**Your instructions:**
Starting at the line below with "This bosch freestanding" and stopping at the line with "This Trevor Burger", please print each line exactly, those two included, and skip every picture.

**Dataset excerpts:**
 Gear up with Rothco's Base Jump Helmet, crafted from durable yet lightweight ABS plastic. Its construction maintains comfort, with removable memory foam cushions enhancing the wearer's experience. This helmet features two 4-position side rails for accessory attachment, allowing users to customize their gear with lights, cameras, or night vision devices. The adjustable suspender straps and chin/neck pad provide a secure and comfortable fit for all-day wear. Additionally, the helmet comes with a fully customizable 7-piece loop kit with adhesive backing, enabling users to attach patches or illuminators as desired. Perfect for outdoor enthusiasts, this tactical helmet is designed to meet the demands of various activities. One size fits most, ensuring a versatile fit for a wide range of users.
* * *
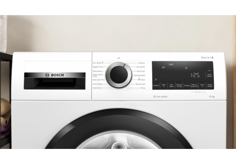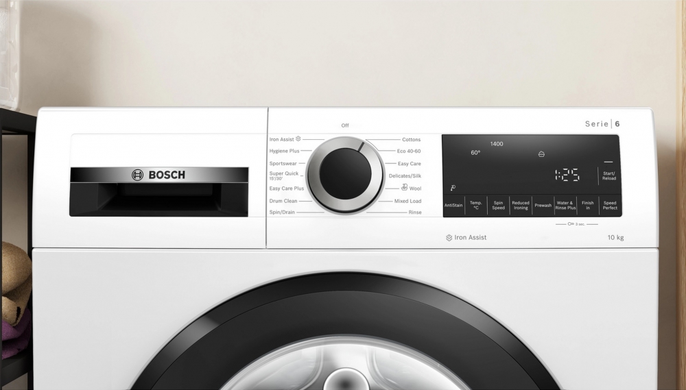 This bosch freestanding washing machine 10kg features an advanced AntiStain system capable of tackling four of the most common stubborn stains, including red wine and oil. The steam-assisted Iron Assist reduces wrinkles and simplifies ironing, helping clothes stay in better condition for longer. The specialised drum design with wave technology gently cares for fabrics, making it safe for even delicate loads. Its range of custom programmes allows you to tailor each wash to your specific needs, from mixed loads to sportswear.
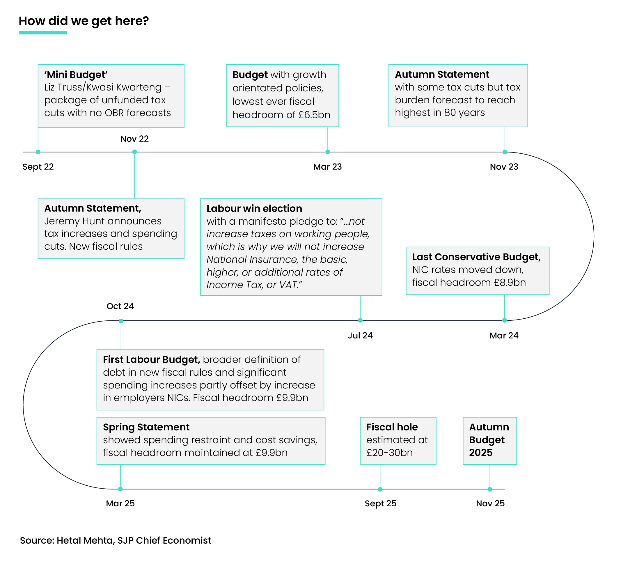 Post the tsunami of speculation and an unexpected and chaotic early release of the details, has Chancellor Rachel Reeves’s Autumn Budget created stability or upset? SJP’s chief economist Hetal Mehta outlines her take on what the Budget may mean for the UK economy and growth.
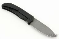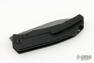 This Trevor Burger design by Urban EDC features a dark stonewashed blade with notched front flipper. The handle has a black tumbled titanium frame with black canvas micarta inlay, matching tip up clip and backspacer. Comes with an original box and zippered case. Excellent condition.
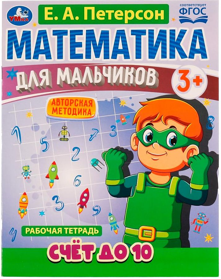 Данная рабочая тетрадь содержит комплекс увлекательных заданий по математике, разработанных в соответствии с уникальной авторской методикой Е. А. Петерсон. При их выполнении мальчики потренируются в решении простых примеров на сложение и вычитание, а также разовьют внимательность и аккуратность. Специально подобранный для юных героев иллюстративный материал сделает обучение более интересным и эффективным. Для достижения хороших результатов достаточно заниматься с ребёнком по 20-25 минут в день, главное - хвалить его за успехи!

**Written response:**
 This bosch freestanding washing machine 10kg features an advanced AntiStain system capable of tackling four of the most common stubborn stains, including red wine and oil. The steam-assisted Iron Assist reduces wrinkles and simplifies ironing, helping clothes stay in better condition for longer. The specialised drum design with wave technology gently cares for fabrics, making it safe for even delicate loads. Its range of custom programmes allows you to tailor each wash to your specific needs, from mixed loads to sportswear.
 Post the tsunami of speculation and an unexpected and chaotic early release of the details, has Chancellor Rachel Reeves’s Autumn Budget created stability or upset? SJP’s chief economist Hetal Mehta outlines her take on what the Budget may mean for the UK economy and growth.
 This Trevor Burger design by Urban EDC features a dark stonewashed blade with notched front flipper. The handle has a black tumbled titanium frame with black canvas micarta inlay, matching tip up clip and backspacer. Comes with an original box and zippered case. Excellent condition.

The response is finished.